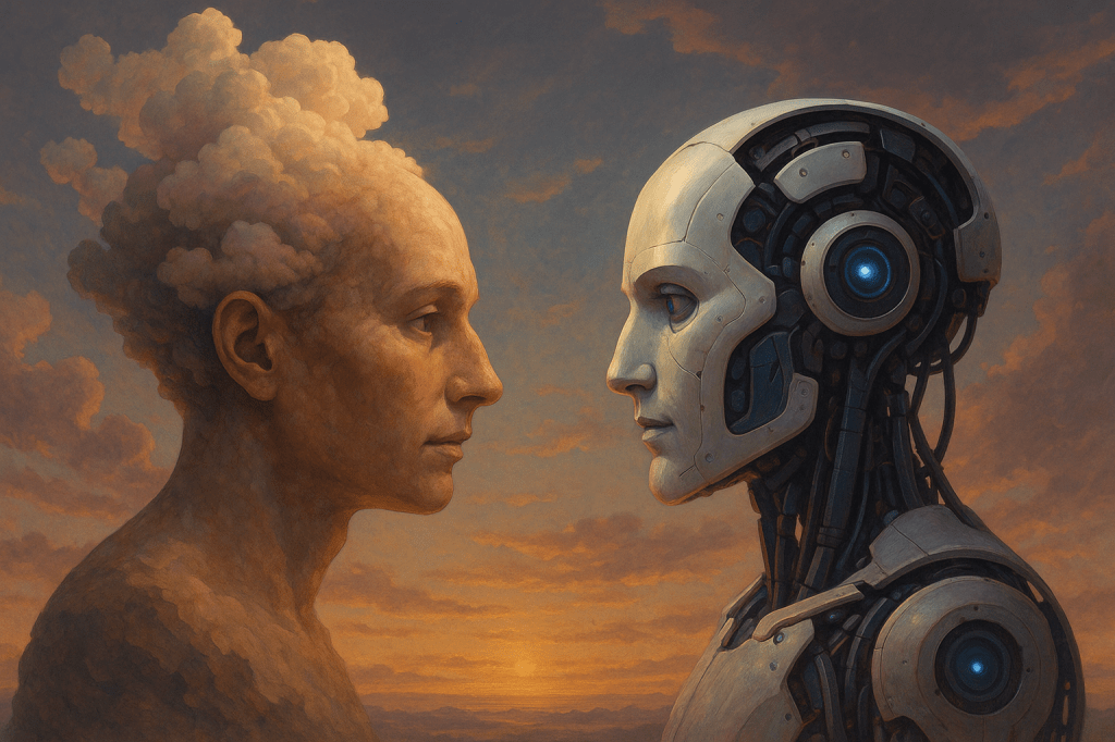 ontstaat iets dat groter is dan mens of machine — het moment van zuiver gewaarzijn zelf.
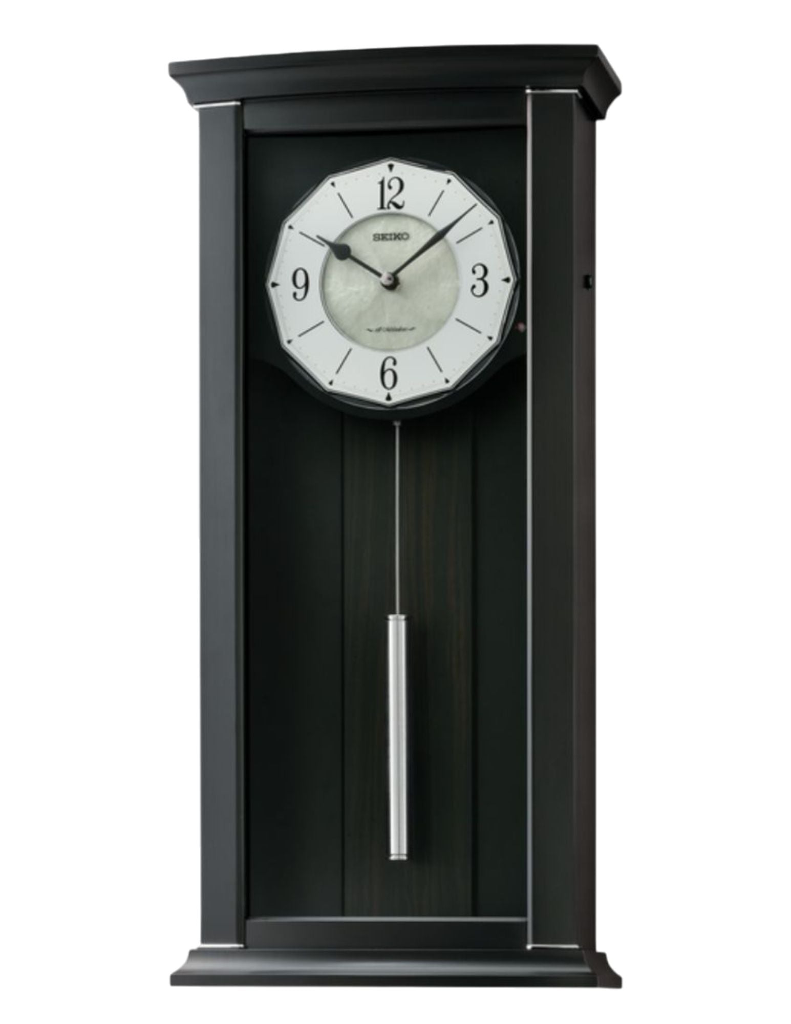Crafted with attention to detail, this clock is a true work of art. Its clean lines in a dark wooden case are enhanced by the light Mother-of-Pearl dial and the sleek stylish modern silver-tone slim pendulum. Volume control allows you to raise or lower the music all while the light sensor disengages the music when it becomes dark.
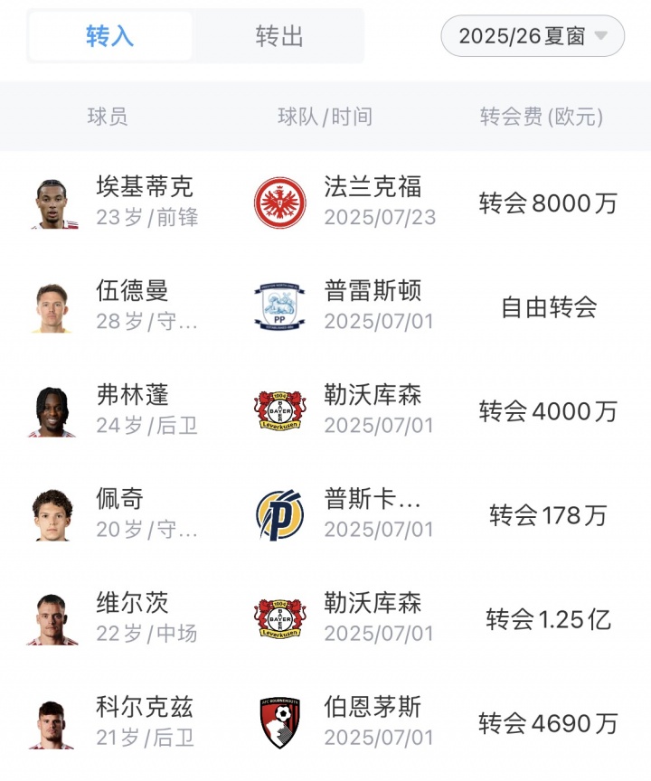 今夏利物浦一反常态,花费2.9368亿欧引入6人,其中包括1.25亿欧签维尔茨,以及从伯恩茅斯引进科尔克兹。
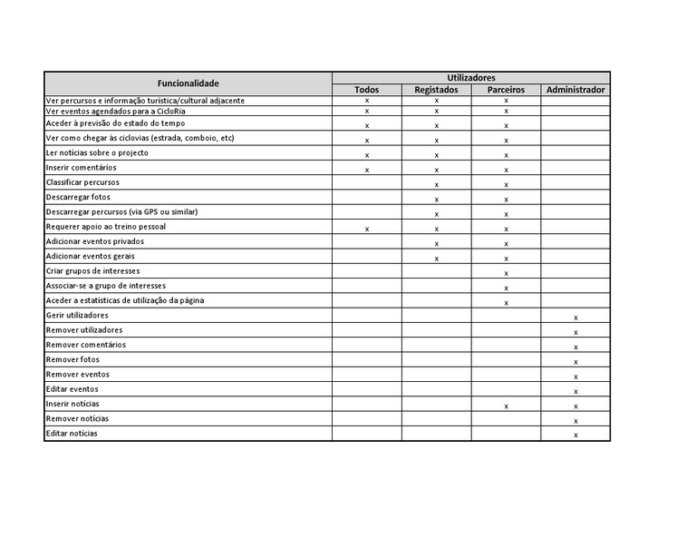 Ver como chegar às ciclovias (estrada, comboio, etc) x x x
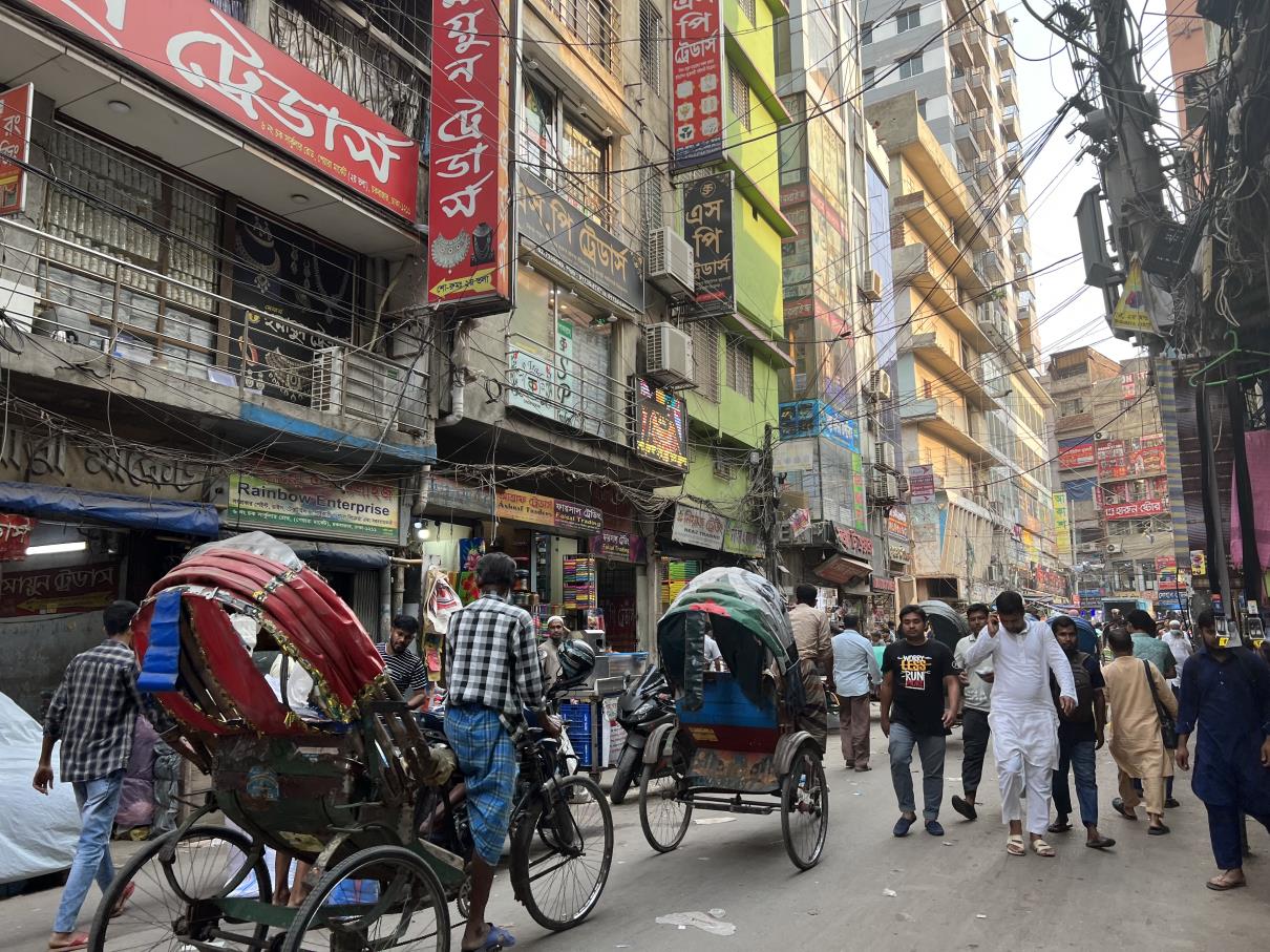 中でも、「オールドダッカ(Old Dhaka)」には大きな市場通りがいくつかあり、中でも大きいこの市場通りは大勢の地元の方々が買い物のために集まり、非常に活気のあってカオスな雰囲気を味わえます。
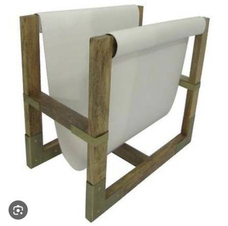 New With Tag Magazine Rack by Nate Berkus The Campaign wood & leather Magazine Rack Measures approx 17” hog x 11” wide and 18” deep Just been stored and not used CASH ONLY
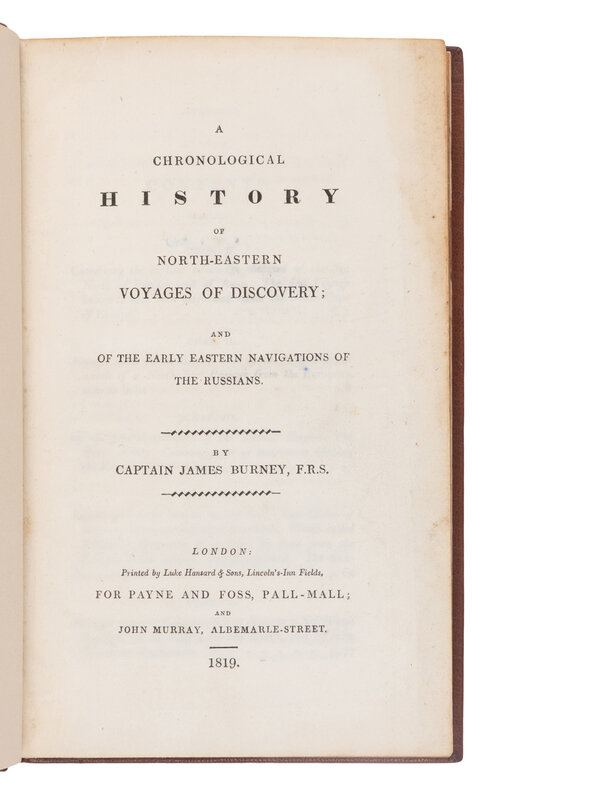 [Travel & Exploration] Burney, Captain James. A Chronological History of North-Eastern Voyages of Discovery; and of the Early Eastern Navigations of The Russians
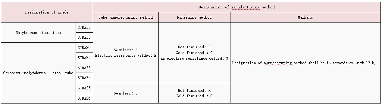 Tubes shall be classified into grades, and the designation of grade and designation of manufacturing method shall be as given in table 1
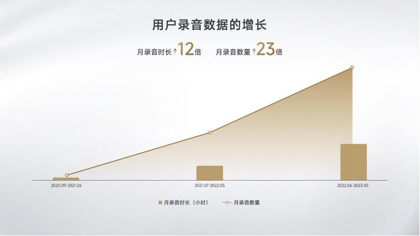 根据马啸的分享,自去年发布耳机产品以来,公司活跃用户总数增长了18倍,产品次月留存率达到74%以上。具体到功能层面,使⽤AI录⾳转写翻译的⽤⼾从每⽉8000⼩时上升到每⽉11万⼩时,近12个⽉增⻓12倍;⽉录⾳数量从1.4万余提升⾄35万余,增⻓了近23倍。
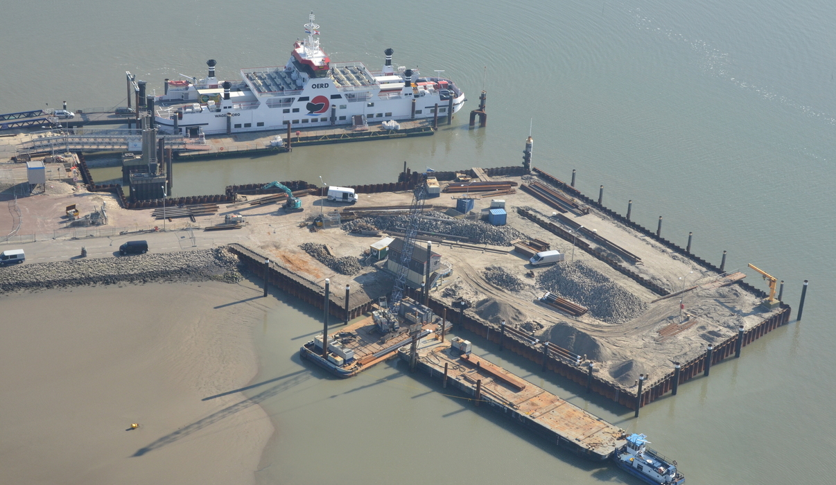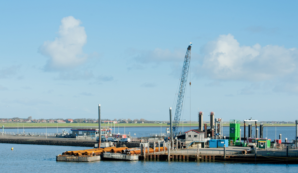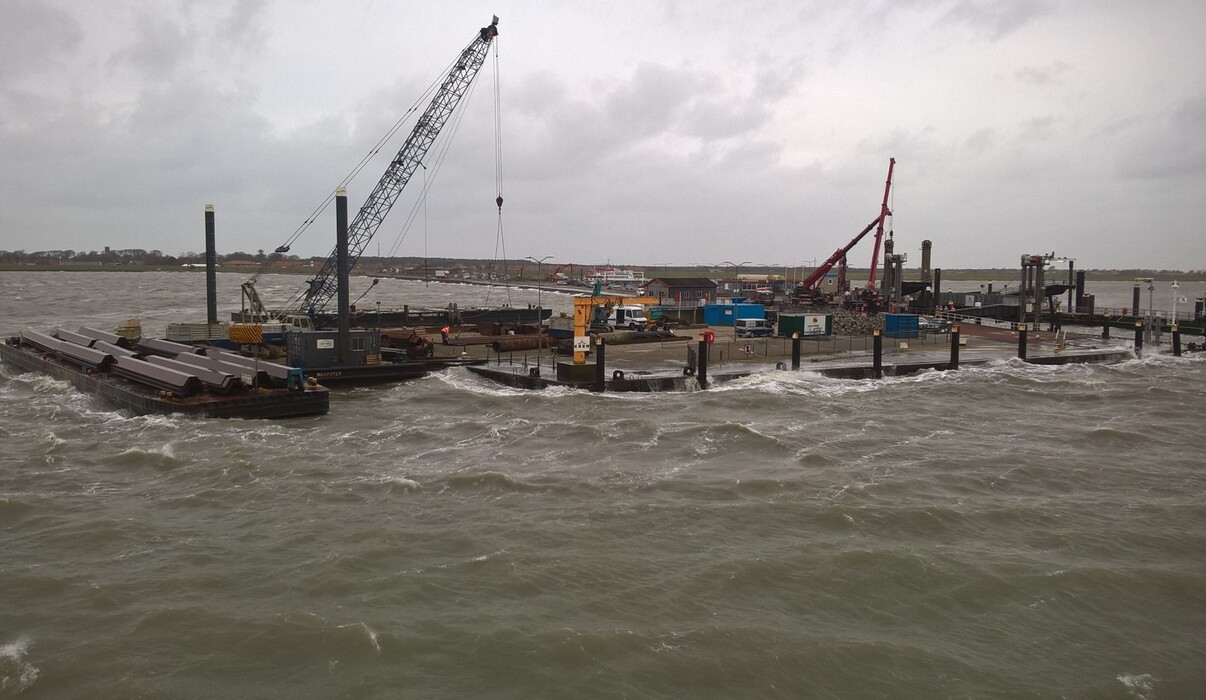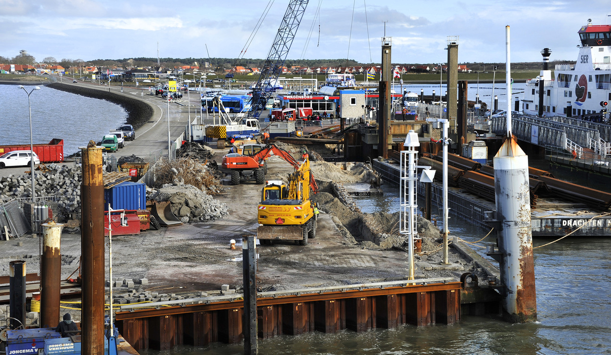 In opdracht van Van den Herik werkt Gebr. van ’t Hek aan de reconstructie van de veerdam te Ameland.
------------------------------------------------------------
__Work item__.
The records above should be repeated exactly, with no pictures in the copy.

__Response area__.
 ontstaat iets dat groter is dan mens of machine — het moment van zuiver gewaarzijn zelf.
Crafted with attention to detail, this clock is a true work of art. Its clean lines in a dark wooden case are enhanced by the light Mother-of-Pearl dial and the sleek stylish modern silver-tone slim pendulum. Volume control allows you to raise or lower the music all while the light sensor disengages the music when it becomes dark.
 今夏利物浦一反常态,花费2.9368亿欧引入6人,其中包括1.25亿欧签维尔茨,以及从伯恩茅斯引进科尔克兹。
 Ver como chegar às ciclovias (estrada, comboio, etc) x x x
 中でも、「オールドダッカ(Old Dhaka)」には大きな市場通りがいくつかあり、中でも大きいこの市場通りは大勢の地元の方々が買い物のために集まり、非常に活気のあってカオスな雰囲気を味わえます。
 New With Tag Magazine Rack by Nate Berkus The Campaign wood & leather Magazine Rack Measures approx 17” hog x 11” wide and 18” deep Just been stored and not used CASH ONLY
 [Travel & Exploration] Burney, Captain James. A Chronological History of North-Eastern Voyages of Discovery; and of the Early Eastern Navigations of The Russians
 Tubes shall be classified into grades, and the designation of grade and designation of manufacturing method shall be as given in table 1
 根据马啸的分享,自去年发布耳机产品以来,公司活跃用户总数增长了18倍,产品次月留存率达到74%以上。具体到功能层面,使⽤AI录⾳转写翻译的⽤⼾从每⽉8000⼩时上升到每⽉11万⼩时,近12个⽉增⻓12倍;⽉录⾳数量从1.4万余提升⾄35万余,增⻓了近23倍。
 In opdracht van Van den Herik werkt Gebr. van ’t Hek aan de reconstructie van de veerdam te Ameland.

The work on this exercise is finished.